**What you have to do**
Exclude all pictures, then restate the entries below word for word.

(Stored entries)
※

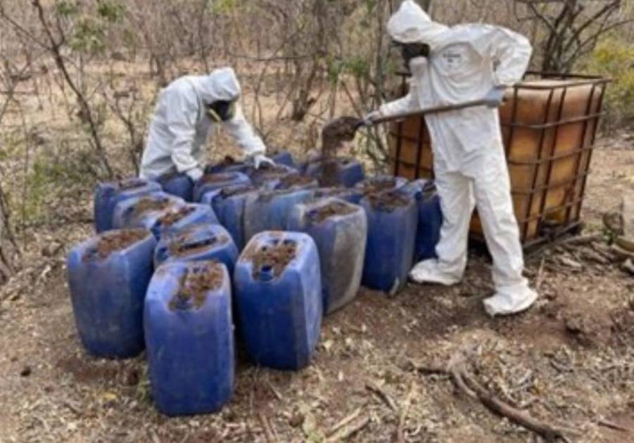En operativos de reconocimiento realizados en los municipios de Culiacán y Cosalá, las autoridades localizaron asentamientos clandestinos con diversas sustancias químicas y equipos como contenedores, bidones, tambos, costales, tinas, condensadores y reactores.
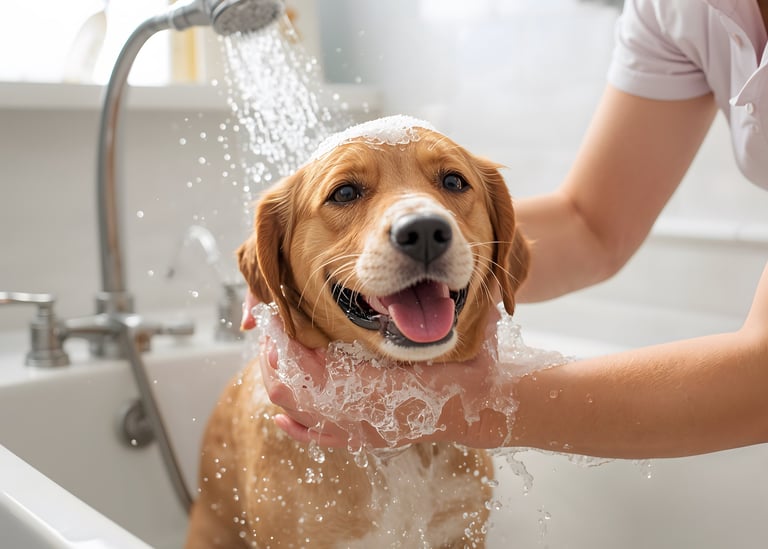 Use lukewarm water and a pet-safe shampoo (never human shampoo).
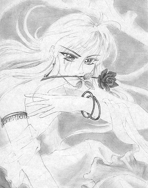 記得是上課中 一如往常的塗鴉(咦?!)突然想到幽遊白書裡面1-3集裡 有一頁插圖 是"盛裝的牡丹" 然後就變這樣了... 重點是想試著在頭髮上加上花朵而已
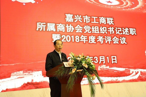 會(huì)上,嘉興市四川商會(huì)、重慶商會(huì)、湖南商會(huì)、紹興商會(huì)、內(nèi)蒙古商會(huì)、互聯(lián)網(wǎng)協(xié)會(huì)、會(huì)展協(xié)會(huì)、印刷協(xié)會(huì)、光伏協(xié)會(huì)等9家商協(xié)會(huì)黨組織對(duì)2018年度黨建工作進(jìn)行PPT口頭述職,21家商協(xié)會(huì)黨組織作了書(shū)面述職。
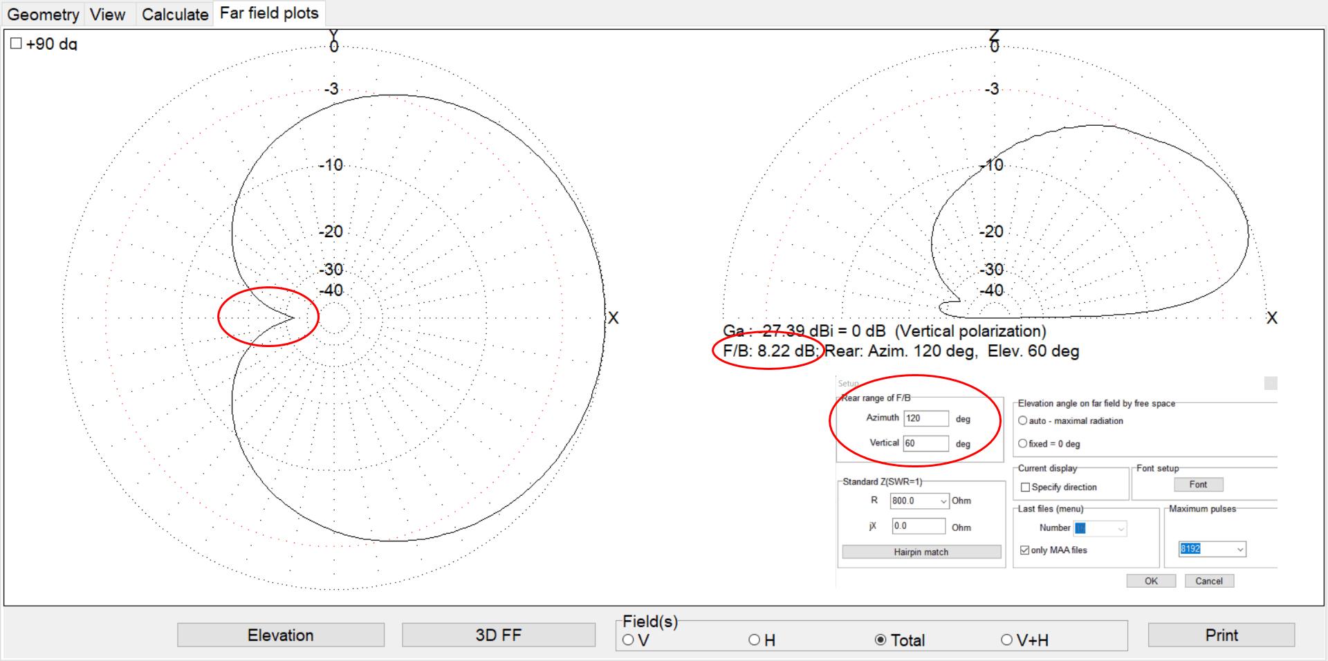 Pozn. 4: Některé programy NEC mají implementován algoritmus na optimalizaci F/B. Obvykle umožňují nastavit i prostor v obou rovinách, ve kterém se sleduje vyzařování.
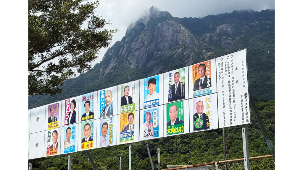 屋久島町議選が9月16日に告示され、深い緑に包まれた島の静寂を破るかのように、立候補した16人の選挙カーが町内を走りまわっています。
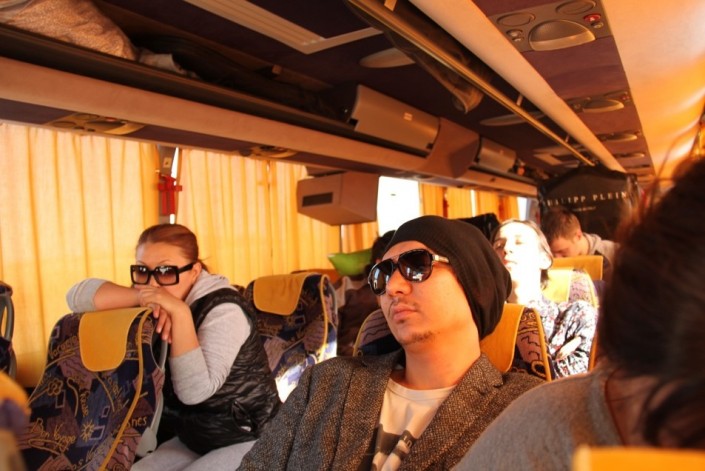 "Дорога вдохновляет меня. Горы, озера, реки, моря, степи нашей бескрайней родины дают мощный импульс для сочинения песен, в дороге есть много времени для того, чтобы подумать. Я с детства люблю путешествовать. Долгие поездки никогда не тяготили меня, потому что это время можно также использовать продуктивно: с командой мы становимся еще ближе, песни пишутся, креативность растет. Я вижу только плюсы в использовании гастрольного автобуса", - сказал Алишер, отвечая на вопрос "почему именно автобус?".

※

**Task result**
En operativos de reconocimiento realizados en los municipios de Culiacán y Cosalá, las autoridades localizaron asentamientos clandestinos con diversas sustancias químicas y equipos como contenedores, bidones, tambos, costales, tinas, condensadores y reactores.
 Use lukewarm water and a pet-safe shampoo (never human shampoo).
 記得是上課中 一如往常的塗鴉(咦?!)突然想到幽遊白書裡面1-3集裡 有一頁插圖 是"盛裝的牡丹" 然後就變這樣了... 重點是想試著在頭髮上加上花朵而已
 會(huì)上,嘉興市四川商會(huì)、重慶商會(huì)、湖南商會(huì)、紹興商會(huì)、內(nèi)蒙古商會(huì)、互聯(lián)網(wǎng)協(xié)會(huì)、會(huì)展協(xié)會(huì)、印刷協(xié)會(huì)、光伏協(xié)會(huì)等9家商協(xié)會(huì)黨組織對(duì)2018年度黨建工作進(jìn)行PPT口頭述職,21家商協(xié)會(huì)黨組織作了書(shū)面述職。
 Pozn. 4: Některé programy NEC mají implementován algoritmus na optimalizaci F/B. Obvykle umožňují nastavit i prostor v obou rovinách, ve kterém se sleduje vyzařování.
 屋久島町議選が9月16日に告示され、深い緑に包まれた島の静寂を破るかのように、立候補した16人の選挙カーが町内を走りまわっています。
 "Дорога вдохновляет меня. Горы, озера, реки, моря, степи нашей бескрайней родины дают мощный импульс для сочинения песен, в дороге есть много времени для того, чтобы подумать. Я с детства люблю путешествовать. Долгие поездки никогда не тяготили меня, потому что это время можно также использовать продуктивно: с командой мы становимся еще ближе, песни пишутся, креативность растет. Я вижу только плюсы в использовании гастрольного автобуса", - сказал Алишер, отвечая на вопрос "почему именно автобус?".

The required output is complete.